17. А нет ли прецедента лишения ореола священности категорий «народ» и «государственный суверенитет»?

   Есть такой прецедент, как нельзя более актуальный сегодня. Уже в 1992-м году я проводил аналогию между дудаевским, гамсахурдиевским и гитлеровским режимами и идеологиями. Продолжу аналогию и на моральную оценку этих режимов и на методы борьбы с ними.
   Может ли быть виновен целый народ? Можно ли обвинять весь чеченский народ в преступлениях, творившихся и творящихся на территории Чечни со времени прихода к власти Дудаева?
   Но ведь ответ дан решениями Потсдамской конференции: «Союзные армии осуществляют оккупацию всей Германии, и германский народ начал искупать ужасные преступления, совершенные под руководством тех, которым во время их успехов он открыто выражал свое одобрение и слепо повиновался.
   Союзники не намерены уничтожить или ввергнуть в рабство немецкий народ. Союзники намереваются дать немецкому народу возможность подготовиться к тому, чтобы в дальнейшем осуществлять реконструкцию своей жизни на демократической и мирной основе.

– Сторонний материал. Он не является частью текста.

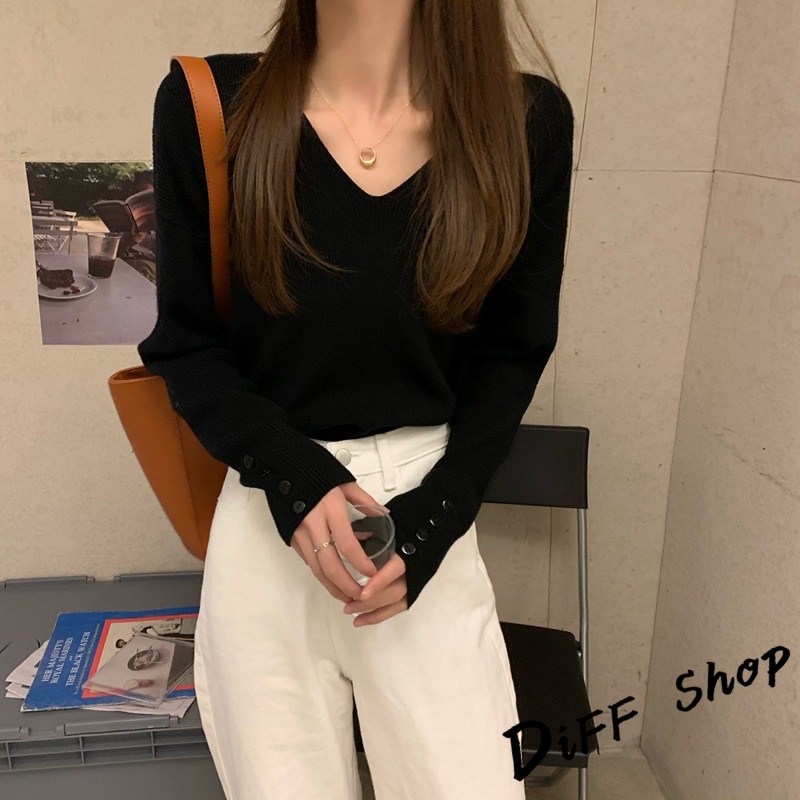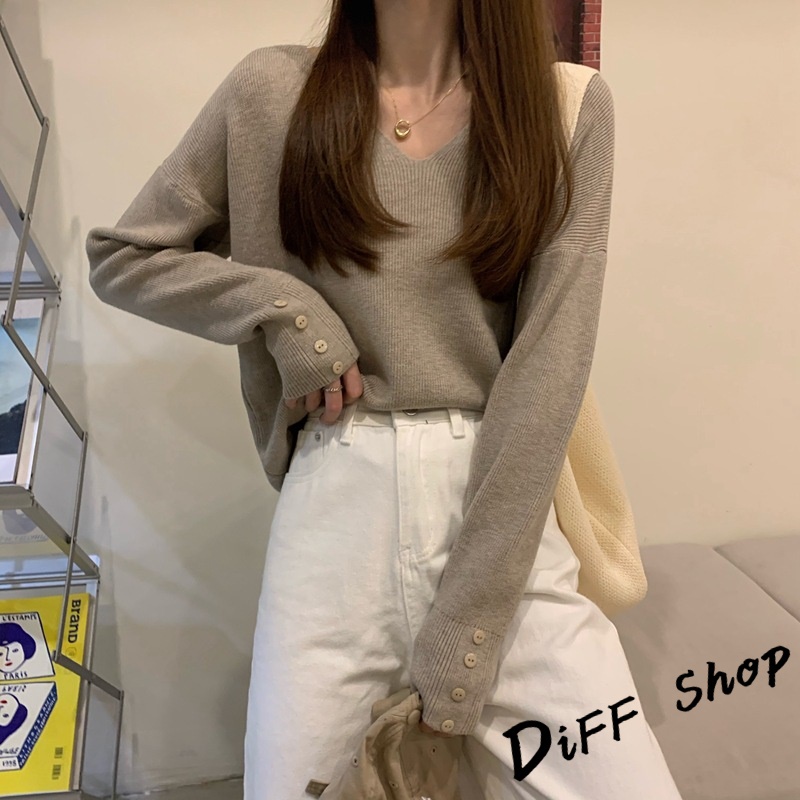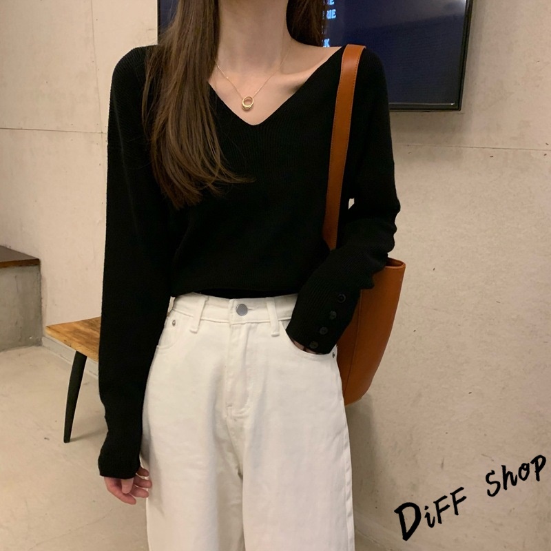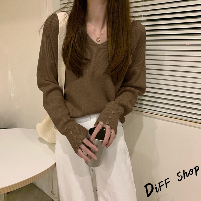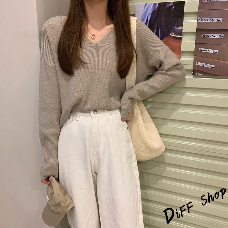 【DIFF】韓版寬鬆V領百搭針織上衣 長袖上衣 女裝 衣服 寬鬆上衣 顯瘦上衣 冬裝 長袖t恤 素T 毛衣 【S99】【S99】咖啡|【S99】杏色|【S99】黑色DiFF shop

Если собственные усилия германского народа будут беспрестанно направлены к достижению этой цели, то для него будет возможность с течением времени занять место среди свободных и мирных народов мира.
   Убедить немецкий народ, что он понес тотальное военное поражение и что он не может избежать ответственности за то, что он навлек на себя, поскольку его собственное безжалостное ведение войны и фанатическое сопротивление нацистов разрушили германскую экономику и сделали хаос и страдания неизбежными». («Тегеран. Ялта. Потсдам». Москва, 1970, стр. 386, 388).
   Итак, оккупация может быть демократической и ставящей целью демократию.
   Итак, народ может быть признан преступным и обязанным, и принужденным искупать преступления, совершенные под началом тех, кому он открыто выражал свое одобрение.
   Германия была лишена суверенитета, Германия была лишена собственной государственности, ибо оставление германскому народу государственной независимости грозило мировой войной, а тем самым и смертельной опасностью человечеству.
   Итак, государственная независимость, в случае абсолютно аналогичном чеченскому, была признана смертельно опасной для окружающих и потому недопустимой.
   Вот моральная основа для введения войск в Чечню и, быть может, как только станет очевидна смертельная опасность Чечни, чеченизма, чеченской морали и чеченского целеполагания для всего человечества, эти соображения станут моральной основой для введения новых союзных войск в Чечню и действий с нею в полной аналогии с действиями в отношении гитлеровской Германии.
   В марте 1983-го года в Чистопольской тюрьме я писал: «Оттого, что закрывали глаза на внутреннюю политику государства, с которым строили отношения, от неестественной этой и подловатой практики и произошел Мюнхен. Мы живем во времена, когда не можем и не должны, строя межгосударственные отношения, спокойно смотреть, как созревает государство-преступник, как натаскивается народ на высший уровень злобности к не таким, как он сам, как он обретает эту злобность… Это уже не внутренние дела, или это дела, которые суть откровенная предпосылка дел внешних». (Вазиф Мейланов «Из первых рук», Махачкала, 1990, стр.27).
   Тогда, в 83-м, эти рассуждения относились к Советскому Союзу, сегодня в 1995-м, эти рассуждения полностью приложимы к дудаевской Чечне. Оттого, что закрывали глаза, имевшие свободный доступ к российским средствам массовой информации, Ковалев и Гайдар на внутреннюю политику Чечни, от неестественной этой и подловатой практики и произошла вся сегодняшняя Чечня. Оттого, что облеченный властью господин правозащитник спокойно взирал, как созревает государство-преступник, как натаскивается чеченский народ на высший уровень злобности к не таким, как он сам, как он обретает эту злобность, и произошла чеченская война. В немалой степени из-за трусливой преступной политики проползших к власти Ковалевых, Гайдаров, Юшенковых, Шейнисов, Старовойтовых и т д., сегодня гибнут солдаты, женщины, дети.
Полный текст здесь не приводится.